In restaurant windows people ate and drank,

             apparently feeling what they were

supposed to feel. Caught in the same glass,

             I floated past them

                   

on my father’s vast absence,

             a final gesture, a last kiss

folded in the wallet of my loss.

             In my pocket, the postcard’s river

repeated trees, a single cloud and blue sky

             on water still as patience, making sense,

pausing at a weir before it spilled over, white,

             the city behind it—peaked roofs, tiles,

cathedral spires, stone on stone—standing its ground.

             Is it safe to say relief now? Old wall,

my father down, and no more carving on him?

             Whatever built or broke him, done?

Intricate façade all finished and worn away?

             Gone to sand? I am not sorry.

What pulled me from my room that morning

             could have been simple coincidence,                                                              

but I took it as a signal,

             the very moment he let go,

           

took it as a gift, his finally giving up.

             His stopping so suddenly

in the midst of events, letting others

             cover him, take him in—the most

terrible thing—lo más terrible de los muertos.

             But also the most forgiving,

forgivable, this helplessness. 

             This interrupted moment—

what remains so important

             for the living—how it simply ends.

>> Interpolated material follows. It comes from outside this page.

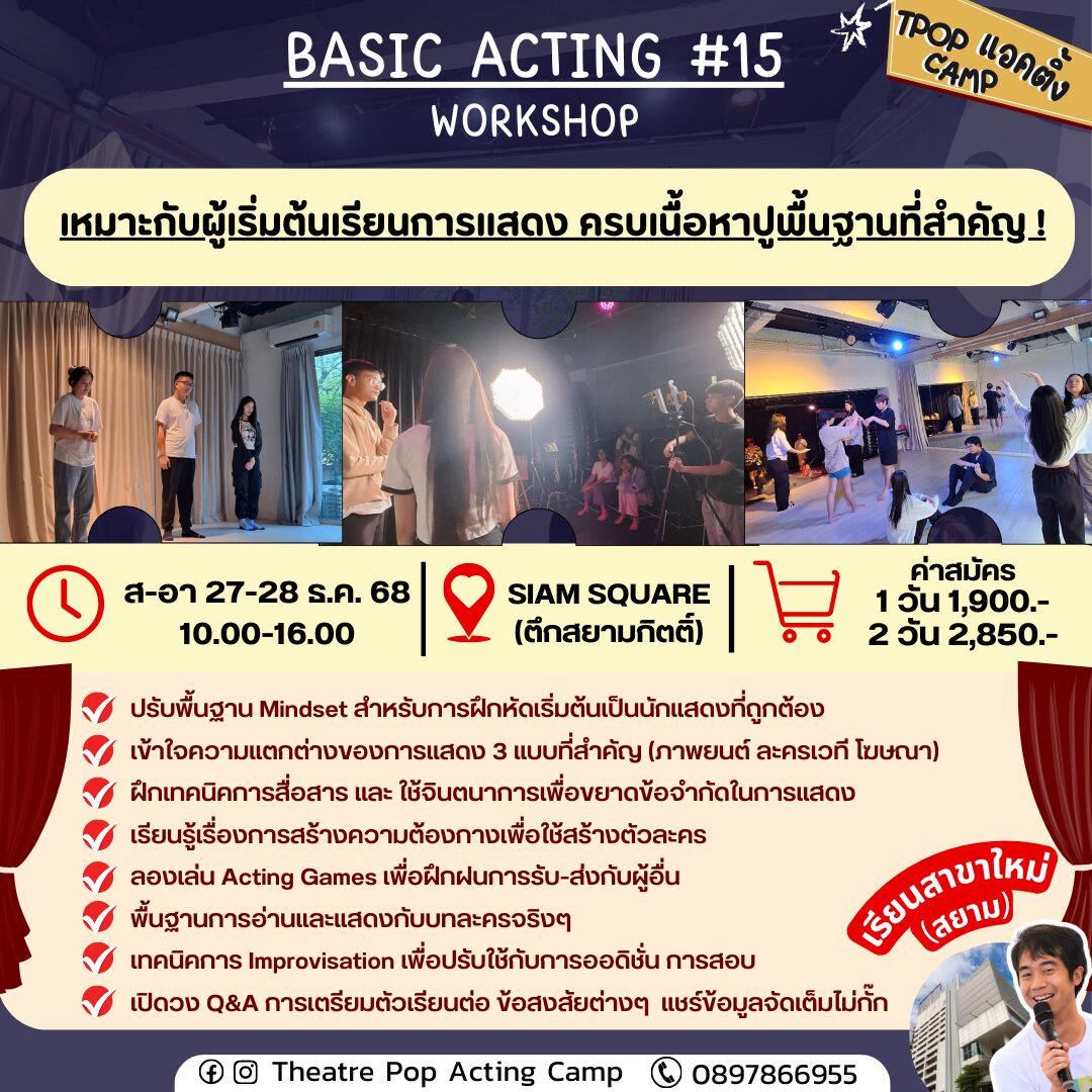 – วันที่ 27 ธ.ค. : ปรับพื้นฐาน Mindset การเป็นนักแสดง ฝึกทักษะจินตนาการ ความต้องการ การรับ-ส่ง ความเชื่อ การใช้ร่างกาย ฯลฯ

The most terrible thing about the dead? 

             No one left to send or receive the mail.

No one there to witness

             what my father said, at last.

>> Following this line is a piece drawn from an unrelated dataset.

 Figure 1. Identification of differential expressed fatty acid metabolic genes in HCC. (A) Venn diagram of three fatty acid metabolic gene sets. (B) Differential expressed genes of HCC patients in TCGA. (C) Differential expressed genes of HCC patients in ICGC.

Terrible, how no one saw him

             climbing out of bed,

how no one finally caught him, falling.

             How no one picked up the lecture—

                          

As we were saying yesterday—when

             I came home to his closet

and hauled his empty clothes away.

             I boxed the postcard from Salamanca

along with his other correspondence.

             What remains, after all,

so important for the living? 

             Is it safe to say Relief?  What I keep,

what I cannot give away—that moment,

             that interruption, when I knew

my father was beyond my saving him—

             is my only souvenir. 

Its emblem on the back window of my truck,

             the frog squatting

atop a human skull, my black luck,

             now follows me in the rearview mirror,

no matter where I might be driving.

                 

               

                                

 Published in Nimrod International Journal 48.1, Fall/Winter 2004.

                         

                              

                              

Writers Tip: In Worstword Ho, Samuel Beckett says, "Ever tried.  Ever failed. 
No matter.  Try again.  Fail again.  Fail better."  I've taken it as advice, myself, but
I owe Sam Green for steering me toward that passage.  If anyone lives it, he does.